Senior Mental Health Leads- Are you Ready?

Sara Spinks 2 min read
Senior Mental Health Leads- Are you Ready? feature image

The role of the Senior Mental Health Lead (SMHL) has never been more critical. Against a backdrop of rising concerns about pupil wellbeing, national scrutiny around attendance, and the increasing links between safeguarding and mental health, schools are expected to have a designated lead to drive a whole-school approach. Are you ready to meet expected standards?

Mental Health & Safeguarding

Mental health is not a peripheral issue in education. It cuts to the core of safeguarding, attendance, behaviour, and attainment. The Department for Education’s guidance makes clear that all staff should be equipped to recognise signs of mental ill-health; however, it is the SMHL who provides the leadership, oversight and systems to make this work in practice.

The NHS expansion of Mental Health Support Teams (MHSTs) reinforces this strategy, with the SMHL positioned as the school's multi-agency partner to lead in making partnerships with external professionals effective.

KCSIE

Keeping Children Safe in Education (KCSIE) emphasises that poor mental health may be an indicator of abuse or neglect, and that schools must respond quickly and appropriately. This means that the SMHL role is not only about well-being in the broad sense; it is integral to safeguarding best practice.

Recent policy developments highlight just how embedded the SMHL role has become. KCSIE 2025 requires that schools link mental health to safeguarding and SEND, with clear referral routes and joined-up systems. The eight principles of a whole-school approach - leadership, staff development, student voice, parent partnership, curriculum, targeted support, ethos and environment, and monitoring - remain the gold standard, and SMHLs are expected to act as the stewards of this framework.

The three core functions of MHSTs – delivering interventions, providing timely staff advice, and supporting SMHLs to embed the whole-school approach – highlight how essential this leadership is. Whilst the DfE’s grant scheme closed in May 2025, training remains an essential professional development priority in order to fully meet statutory requirements.

What effective Senior Mental Health Leads do

An effective SMHL sets the direction and provides the glue that holds a whole-school mental health system together. They create and annually refresh a clear, costed plan aligned with the eight principles, ensuring it has the endorsement of senior leadership and governors. They make pathways transparent, so that every member of staff knows what to do when a concern arises, from reasonable adjustments in the classroom to referral to MHSTs or CAMHS.
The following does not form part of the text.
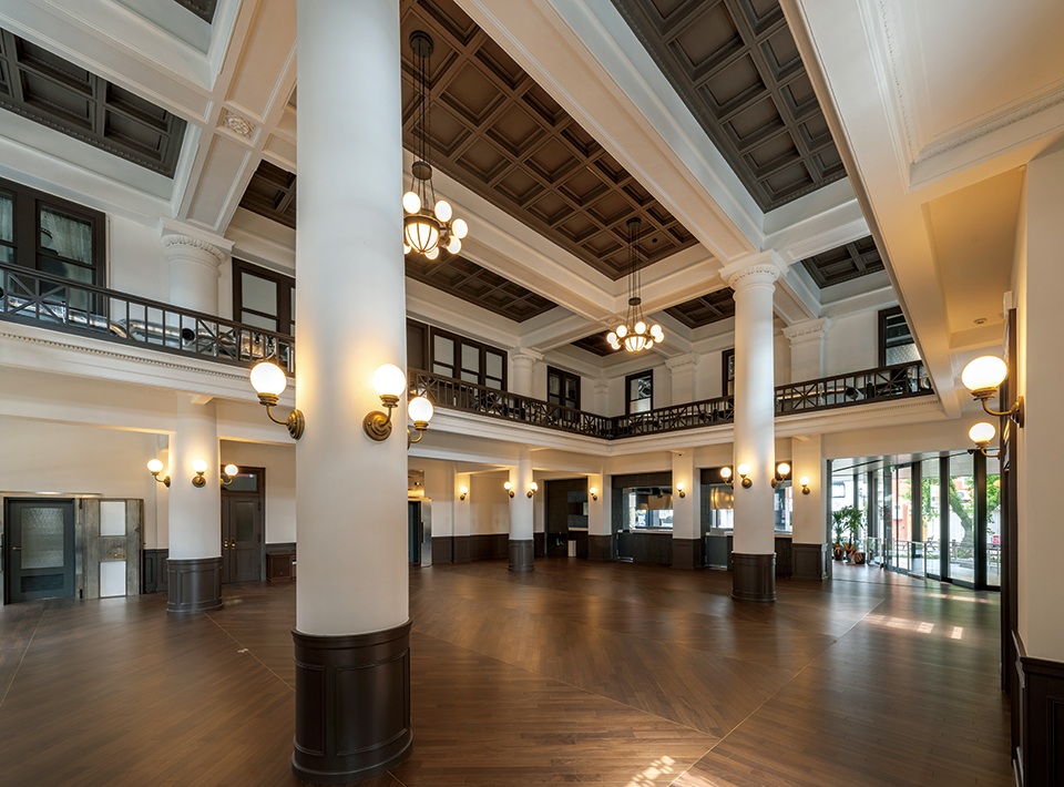 諫早銀行として清水組設計施工で昭和6年竣工、昭和55年にスポーツベット設計施工で増築された建物を九州ガスHDが取得、本社機能の移転と事業用駐車場を含めた活用を目指したプロジェクトである。名称となった「SEED1931」とは、創建年に植えられた種が再び芽吹くという、施主のプロジェクトへの想いがある。本館は補強後、当時の姿に復元、増築部は、全解体ではなく躯体を残し、一部減築・補強した。これにより本館のファサードを商店街から見え、自然光にも照らされた創建当時の姿に再生をしている。1階には隣地の小川に面してピロティを設けテラス席やフットパスを計画、新たなアクティビティが小川沿いに見えることで、市民に親しまれる地域貢献施設としている。失われていた天井や照明・建具は、当時の写真をもとに、丁寧に図面化・復元した。保存部分は現行法規へ対応させ、耐震補強・中性化抑制も実施している。また現代の環境建築として先導的な性能を担保するべく設備機器を新設することでZEB-Readyを取得している。
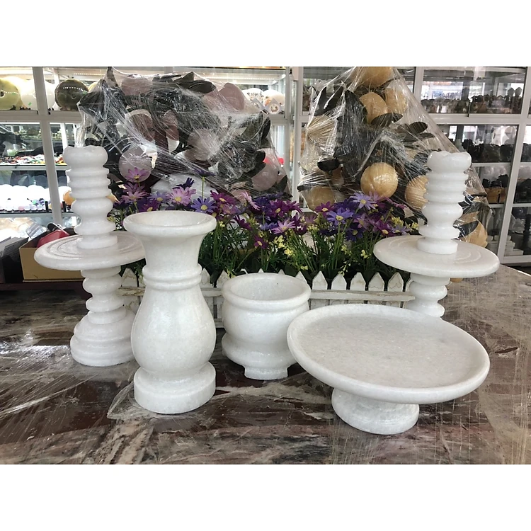 Bộ đồ thờ cúng đá cẩm thạch trắng

Staff confidence is a key measure of success. The SMHL should ensure a rolling programme of training, not just a one-off INSET. All staff should be equipped to identify concerns, know how to initially respond with sensitivity, and to make reports to both the SMHL and DSL.

The Curriculum

Equally, the curriculum must reflect the school’s commitment to promoting and supporting mental health and wellbeing. This includes RSHE to provide consistent, age-appropriate coverage and a school environment supporting inclusion and wellbeing.

Importantly, SMHLs should also ensure that student voice and parental partnership are not tokenistic. Forums, surveys, and regular communication with families can make wellbeing work more relevant and impactful.

Underpinning all action is the need for data: monitoring attendance, behaviour, safeguarding concerns and the impact of interventions, including reporting regularly to governors.

AUDIT

A simple self-audit can be revealing, with questions such as:

  • Do we have a named Senior Mental Health Lead on SLT, with clear time allocation and budget?
  • Is there a simple, published whole-school mental health plan that staff and governors understand?
  • Are referral routes into pastoral, safeguarding, SEND and external services clear and consistently used?
  • Is staff training on mental health and escalation ongoing, not one-off?
  • Do student voice and parent engagement actively shape our provision?

If the answer to any of these is ‘not yet’, then now is the time to act.

Being ‘ready’ as a Senior Mental Health Lead is not about holding a job title or attending a single course. It is about leading a system that works in practice; a joined-up approach where staff feel supported, pupils feel heard, and families know where to turn for help. Even small, immediate steps, such as publishing a clear staff flowchart for concerns, holding a joint planning session with your MHST, or launching a termly parent information session, can make a significant difference.

If you can show a clear plan, a clear pathway, a live partnership with your MHST and evidence of impact, then you are more than ready. If not, this is the moment to get ahead - because mental health is not just a wellbeing issue; it is a safeguarding imperative.